» **TASK INSTRUCTIONS**:
Pictures are to be left out. Return exactly the lines below from the one with "BIRUTOTO JACKPOT LIVE" up to and including the one with "В комплект входит".

» **EXTRACTED RECORDS**:
○ ○ ○ ○

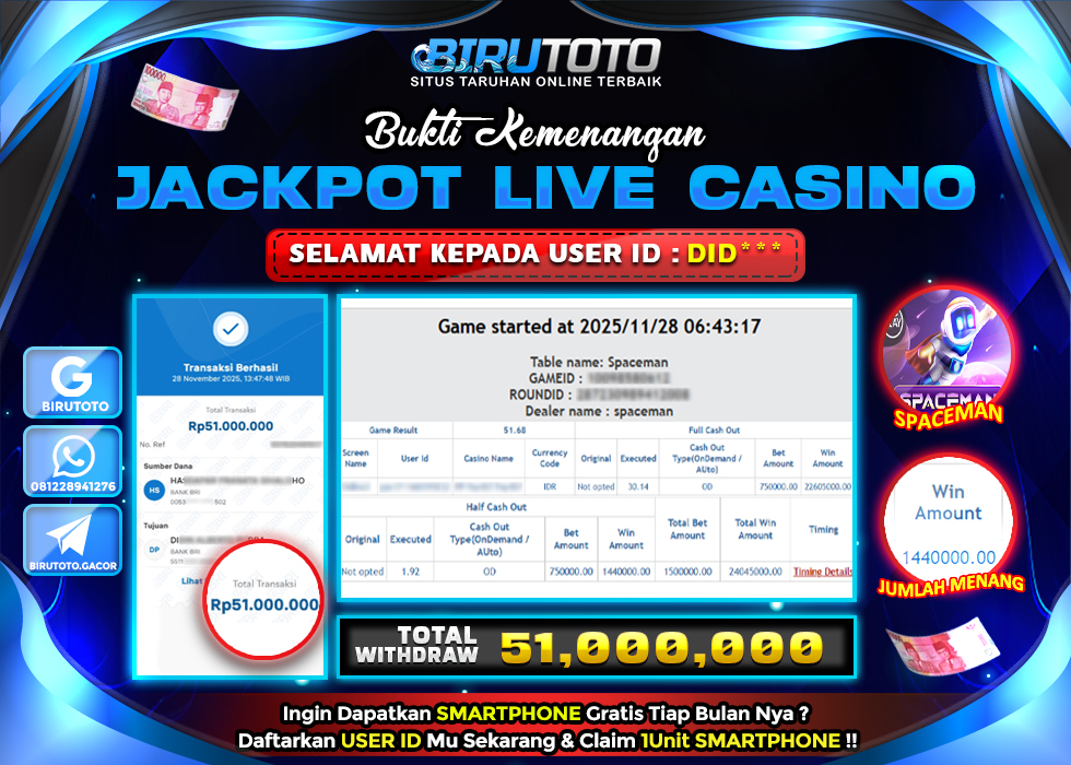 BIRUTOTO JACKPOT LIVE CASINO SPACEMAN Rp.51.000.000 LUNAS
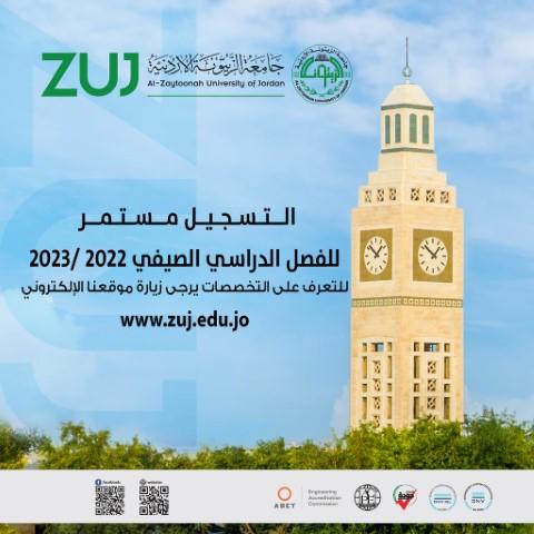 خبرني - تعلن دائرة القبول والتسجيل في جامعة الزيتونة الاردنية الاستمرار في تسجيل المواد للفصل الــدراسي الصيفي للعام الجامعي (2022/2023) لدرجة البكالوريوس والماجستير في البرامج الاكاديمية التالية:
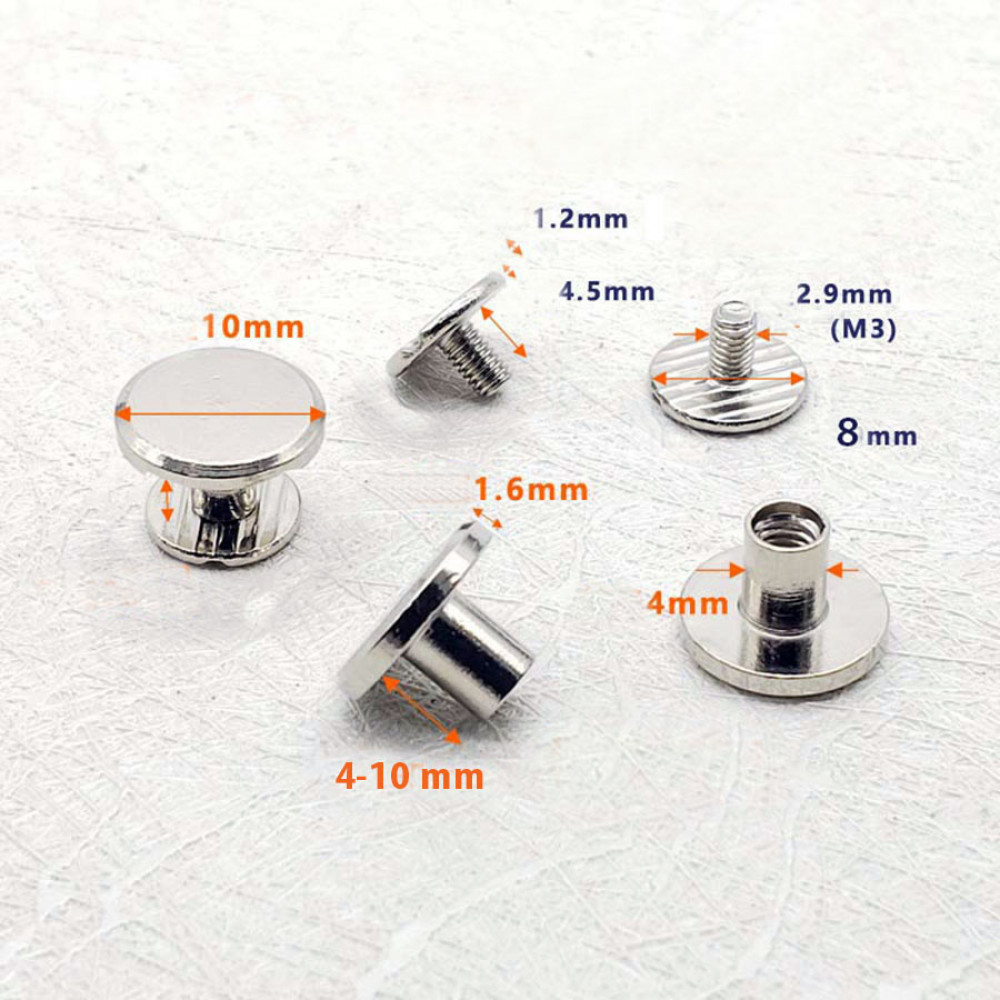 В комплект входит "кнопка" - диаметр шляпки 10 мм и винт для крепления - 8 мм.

○ ○ ○ ○

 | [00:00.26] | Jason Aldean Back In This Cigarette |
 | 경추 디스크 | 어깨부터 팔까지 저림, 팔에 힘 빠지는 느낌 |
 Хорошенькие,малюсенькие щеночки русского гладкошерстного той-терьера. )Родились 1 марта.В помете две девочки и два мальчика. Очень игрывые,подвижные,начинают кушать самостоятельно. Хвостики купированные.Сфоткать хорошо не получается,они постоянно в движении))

○ ○ ○ ○

» **ANSWER TO THIS EXERCISE**:
 BIRUTOTO JACKPOT LIVE CASINO SPACEMAN Rp.51.000.000 LUNAS
 خبرني - تعلن دائرة القبول والتسجيل في جامعة الزيتونة الاردنية الاستمرار في تسجيل المواد للفصل الــدراسي الصيفي للعام الجامعي (2022/2023) لدرجة البكالوريوس والماجستير في البرامج الاكاديمية التالية:
 В комплект входит "кнопка" - диаметр шляпки 10 мм и винт для крепления - 8 мм.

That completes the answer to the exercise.